Appel du 20 mars 2020

Nous affrontons une crise sanitaire majeure qui vient nous rappeler la fragilité de nos vies et de nos sociétés et la nécessité de systèmes de solidarité organisés, solides et pérennes : école, santé, retraites… Il aura fallu la pandémie du Covid-19 pour que le pouvoir politique se souvienne brusquement de l’importance vitale d’institutions qu’il a pourtant détruites méthodiquement. En quarante ans, l’Hôpital français est passé de 11 à 6 lits pour mille habitants ; sur les seules six dernières années, 17 500 lits de nuit ont été supprimés. Les personnels hospitaliers sont en effectifs si réduits que des étudiants et des retraités sont aujourd’hui réquisitionnés comme forces supplétives. Alors même que les espoirs de traitement du virus dépendent des chercheurs, cela fait quinze ans que la recherche scientifique à l’Université et dans les grands organismes comme l’Inserm ou le CNRS subit le primat donné à des projets de court terme, pilotés bureaucratiquement, et concentrant sur quelques thèmes définis comme “porteurs” des moyens globalement en déclin. Quinze ans de démolition !

La pandémie agit comme un révélateur : elle confirme aux yeux de tous que l’Université et la recherche publique auraient dû rester une priorité pour nos sociétés et que la diversité des axes de recherche, le temps long et les financements pérennes sont les conditions de son bon développement. Nous voyons bien que les appels à projets lancés de manière improvisée en réaction à chaque crise tiennent plus de la communication impuissante que de la programmation éclairée. Le mal est profond : les procédures bureaucratiques de mise en concurrence ne favorisent que le conformisme quand la liberté de recherche permet des découvertes fondamentales. Ce qui était choquant en temps ordinaire est devenu obscène en temps de crise. La pandémie du coronavirus met ainsi à nu l’inconséquence des politiques menées ces dernières décennies, dont la responsabilité est partagée par tous les gouvernements qui les ont appliquées.

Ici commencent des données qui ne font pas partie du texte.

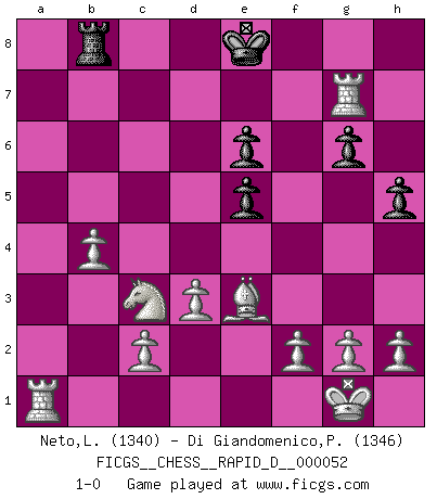 Last move : 1-0 2011 May 6 20:14:17 [Event "FICGS__CHESS__RAPID_D__000052"] [Site "FICGS"] [Date "2011.01.25"] [Round "1"] [White "Neto,Luis"] [Black "Di Giandomenico,Pierino"] [Result "1-0"] [WhiteElo "1340"] [BlackElo "1346"] 1.e4 Nf6 2.e5 Nh5 3.Qxh5 g6 4.Qh4 d6 5.exd6 cxd6 6.Bc4 Be6 7.Qd4 Qc8 8.Bb5+ Bd7 9.Bxd7+ Qxd7 10.Qxh8 Qe6+ 11.Ne2 h5 12.Nbc3 Nd7 13.d3 Rc8 14.O-O a6 15.Re1 Qe5 16.Qxe5 dxe5 17.Be3 Bg7 18.a4 b5 19.axb5 Ra8 20.bxa6 Nb8 21.Nd5 Nxa6 22.Rxa6 Rb8 23.b4 Rd8 24.Nec3 e6 25.Nc7+ Kd7 26.Nxe6 fxe6 27.Ra7+ Ke8 28.Rxg7 Rb8 29.Ra1 1-0 Alekhine's defense Kingside Castling by player White (move 14) Player White won this chess game. Follow this game move after move (download)I have added these principles to the law: get the Knights into action before both Bishops are developed. (Emanuel Lasker) Wenn ich Weiß habe gewinne ich weil ich Weiß habe, wenn ich Schwarz habe gewinne ich weil ich Bogoljubov bin. (Efim Bogoljubov) Fischer es el jugador mas fuerte del mundo. De hecho, el jugador mas fuerte que jamas haya existido. (Larry Evans) Echiquier : carré parfait, comme la Jérusalem nouvelle décrite par l'auteur de l'Apocalypse, huit cases sur huit, exaltation du chiffre 4, symbole du cosmos aux quatre horizons... où le noir et le blanc, l'ombre et la lumière, le mal et le bien s'entremêlent et se conjuguent. (Robert Couffignal, Le Gambit du poète) Pushing plastic is for the many, pushing virtual pieces is for the fewer, pushing wood is for the very few. (Normajean Yates)
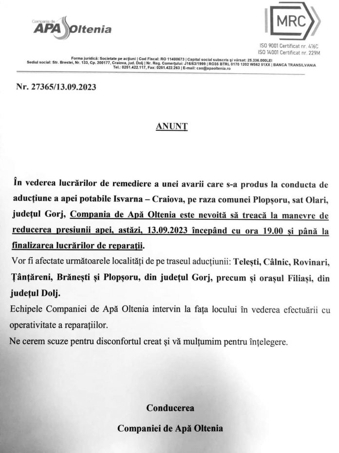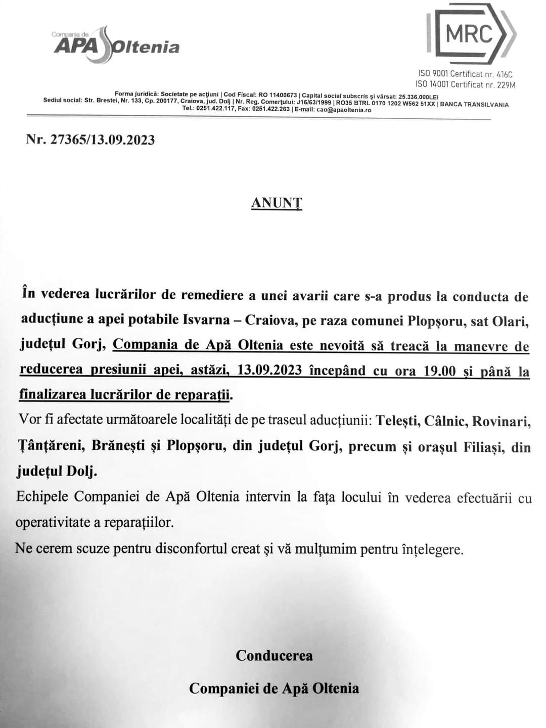 6 localități din Gorj se confruntă cu presiune scăzută a apei de la robinete, ca urmare a unei avarii produse pe raza comunei Plopşoru. Anunțul a fost făcut de conducerea Companiei de Apă Oltenia.

En plus de l’urgence sanitaire qui révèle la crise de notre système de santé, notre société doit affronter trois autres crises : environnementale, sociale et démocratique. La crise écologique et climatique, au gré des catastrophes toujours plus nombreuses qu’elle engendre, affecte un peu plus chaque jour nos vies. Pas plus que pour les épidémies, l’alerte des scientifiques et de la jeunesse du monde entier sur la gravité du réchauffement climatique n’a conduit à prendre les mesures radicales qui s’imposaient. Sur le plan social, les dernières décennies ont été marquées par le creusement d’inégalités matérielles, territoriales, fiscales et culturelles. Enfin, une crise démocratique et politique conduit les citoyens à se détourner massivement de dirigeants incapables de répondre à leurs attentes ou agissant contre l’intérêt général. Même si chaque jour de nouveaux secteurs de la société expriment une volonté de redonner du sens à l’existence et d’en finir avec l’individualisme et le repli sur la sphère privée, cette aspiration profonde à décider des règles collectives que la société se donne, cette volonté des citoyens conscients de ce qui les relie se heurtent à l’imprévoyance, à la cécité et à l’autoritarisme de gouvernants qui confisquent la décision.

Tous les savoirs scientifiquement construits par les recherches théoriques, par l’expérience, l’enquête, l’observation, la confrontation des hypothèses et des résultats, sont indispensables pour surmonter ces crises. Or, les institutions qui créent, transmettent, conservent et critiquent les savoirs, sortent exsangues de la période qui s’achève. Elles doivent être reconstruites sur de nouvelles bases, capables de faire vivre des sciences diverses et créatives, aptes à anticiper les défis auxquels notre société doit faire face. Ce travail de refondation de l’Université et de la recherche doit échapper à l’emprise des « experts » et des bureaucrates : il doit s’articuler à l’exigence démocratique et, en cela, il y a une affinité profonde entre le temps long de la science, son ancrage dans l’expérience et la controverse savantes, et l’exercice de la démocratie, impliquant la délibération et l’attention à l’expérience ordinaire des citoyens.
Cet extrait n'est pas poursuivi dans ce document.